On 17 May 1890, she created the role of Santuzza in Pietro Mascagni's landmark verismo work Cavalleria Rusticana when it premiered in Rome. Her common-law spouse Roberto Stagno, a prominent tenor from Sicily, sang opposite her in the role of Turiddu at that same premiere performance: they had met on a tour of Argentina in 1886.

Bellincioni was also the first soprano to perform the title role in another key verismo opera, Umberto Giordano's Fedora, on 17 November 1898. (Her tenor partner on this occasion was a promising young singer named Enrico Caruso.) Eight years later, she starred in the Italian premiere of Richard Strauss' Salome. She announced her retirement from the stage in 1911 to teach singing, but re-emerged in 1916 to play the lead female part in a silent-film version of Cavalleria Rusticana that was directed by Ugo Falena.

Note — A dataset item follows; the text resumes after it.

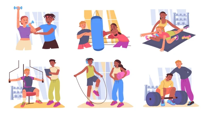 Download: Fitness at gym concept set with cartoon people for web design. Collection with athletes training with dumbbells, boxing, do pilates, yoga, exercising with trainer, weightlifting. Vector illustration.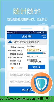 3、随时随地:随时随地查询借款标的,安全安心;

As late as the early 1920s, she gave a few performances in The Netherlands, but her voice was said to be in a threadbare condition by this date.

Bellincioni had written an instructional manual for singers which was published in Berlin in 1912 and an autobiography, Io e il palcoscenico, which was published in Milan in 1920. She spent her final years living in Naples, where she died at the age of 85, survived by a daughter. (Stagno, her de facto husband, had died 53 years earlier.)

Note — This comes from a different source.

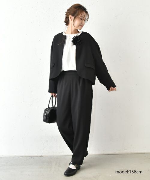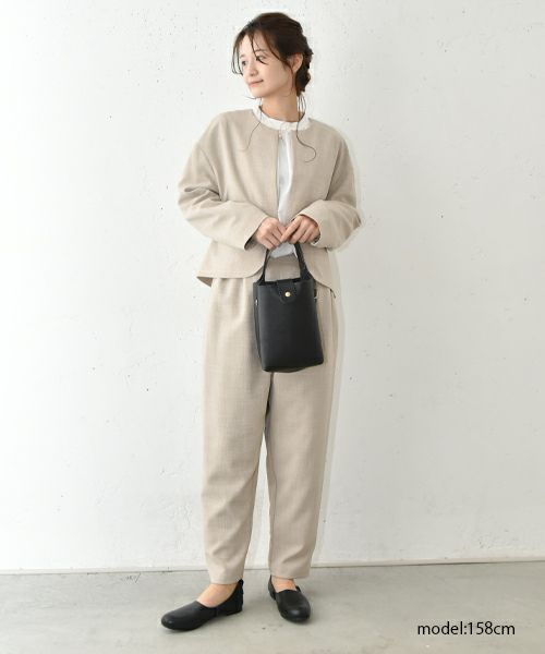パンツは裾に向かって細くなるテーパードシルエットで、脚長効果・美脚効果が期待できる一枚です。

Bellincioni's voice can still be heard on CD reissues (most notably on the Marston label) of a few recordings which she made for the Gramophone & Typewriter Company and the Pathé firm in the early 1900s (decade). She was past her best when she made them and they disappoint artistically and musically; but they are considered to be of major historical interest because her career was so significant (see Scott cited below).

Bellincioni also taught singing. One of her students was contralto Amy Ellerman.